** Opening The data block **

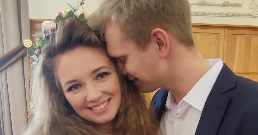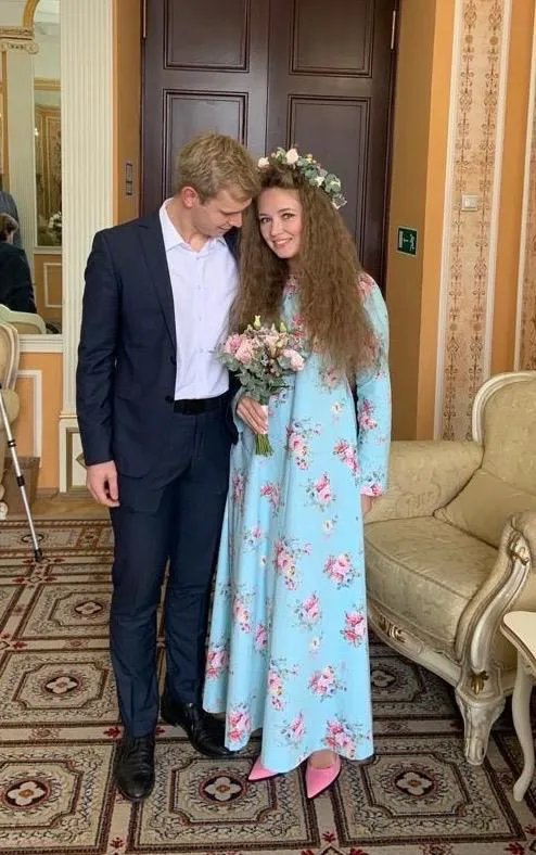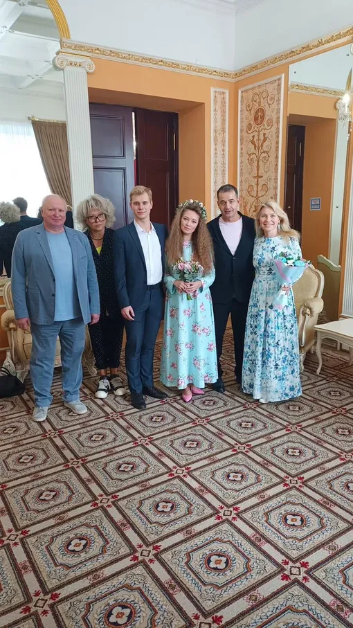 Актёр Дмитрий Певцов в соцсетях опубликовал несколько фотографий из загса. Его приёмная дочь Алёна вышла замуж. Её супругом стал Алексей Тутубалин. Для счастливого дня невеста выбрала необычный наряд: длинное голубое платье в мелкий цветочек, розовые туфли, а голову украсила нежным цветочным венком.
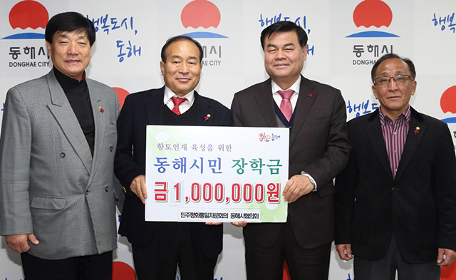 이어 대한노인회동해시지회(회장 남경만)와 동해중학교 총동문회(회장 진철호), 동해시파크골프협회(회장 홍대호)에서 각각 100만 원, 동해시청매화회(회장 이정희)에서 50만 원을 시민장학회에 전달하는 등 연말연시를 맞아 장학금 기탁에 각계각층의 시민과 단체들의 참여가 잇따르고 있다.
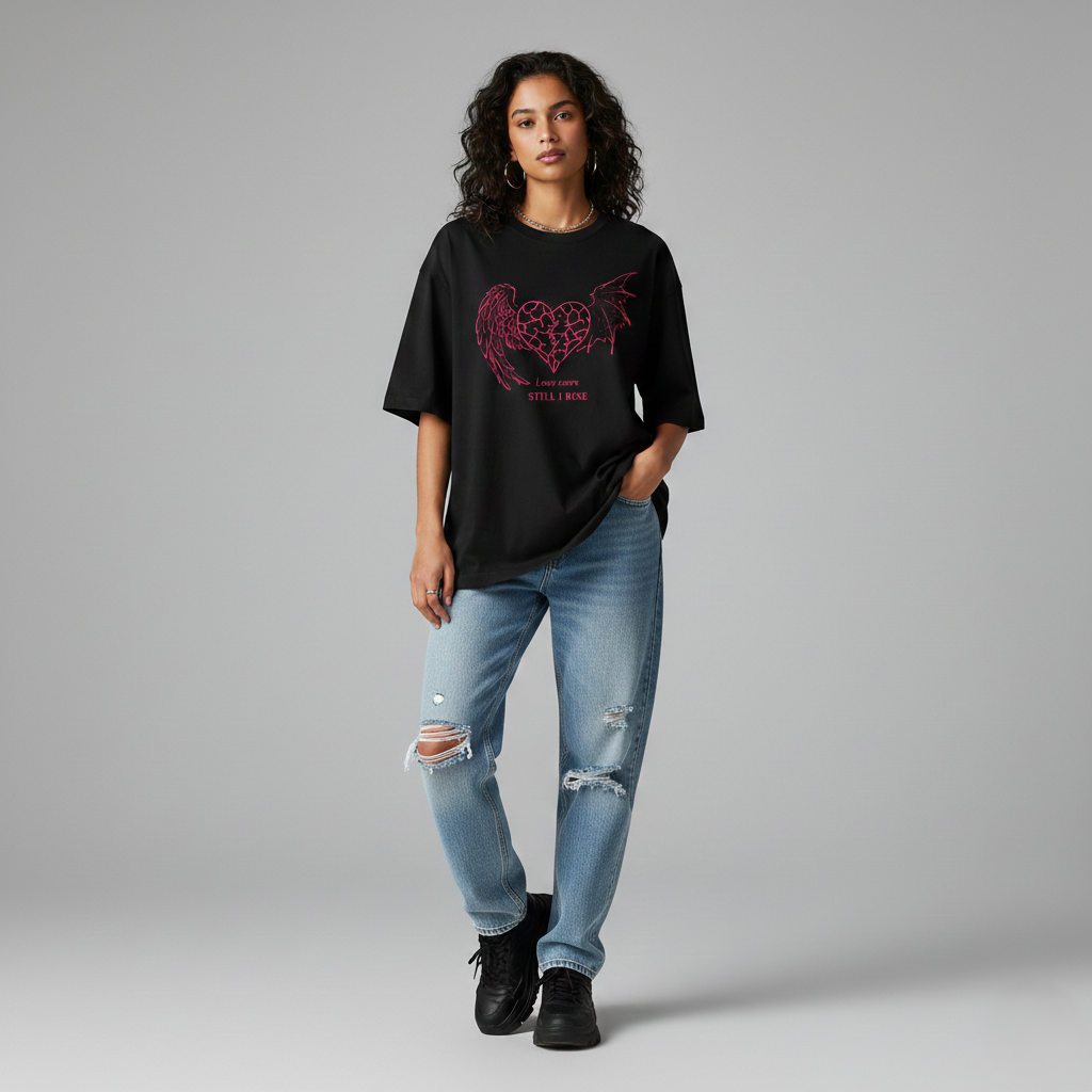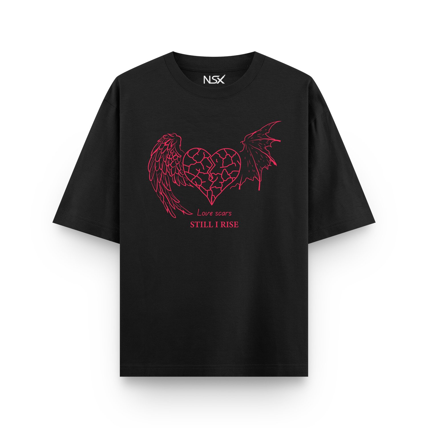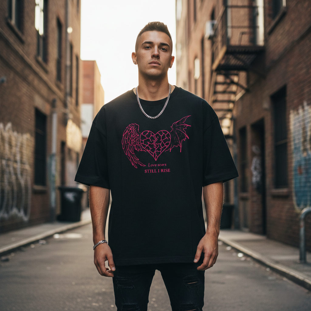 This isn’t just a t-shirt; it’s a statement of resilience. Part of our exclusive Love Scars collection, this piece balances gritty streetwear aesthetics with a powerful message of overcoming adversity. The central graphic features a cracked heart flanked by two distinct wings—one angelic and one draconic (or bat-like). This represents the duality of the human experience: the struggle and the ascent.

** Closing The data block **

— Exercise aim —
When you repeat the material above, keep every word exact and leave out the pictures.

— Exercise answer —
 Актёр Дмитрий Певцов в соцсетях опубликовал несколько фотографий из загса. Его приёмная дочь Алёна вышла замуж. Её супругом стал Алексей Тутубалин. Для счастливого дня невеста выбрала необычный наряд: длинное голубое платье в мелкий цветочек, розовые туфли, а голову украсила нежным цветочным венком.
 이어 대한노인회동해시지회(회장 남경만)와 동해중학교 총동문회(회장 진철호), 동해시파크골프협회(회장 홍대호)에서 각각 100만 원, 동해시청매화회(회장 이정희)에서 50만 원을 시민장학회에 전달하는 등 연말연시를 맞아 장학금 기탁에 각계각층의 시민과 단체들의 참여가 잇따르고 있다.
 This isn’t just a t-shirt; it’s a statement of resilience. Part of our exclusive Love Scars collection, this piece balances gritty streetwear aesthetics with a powerful message of overcoming adversity. The central graphic features a cracked heart flanked by two distinct wings—one angelic and one draconic (or bat-like). This represents the duality of the human experience: the struggle and the ascent.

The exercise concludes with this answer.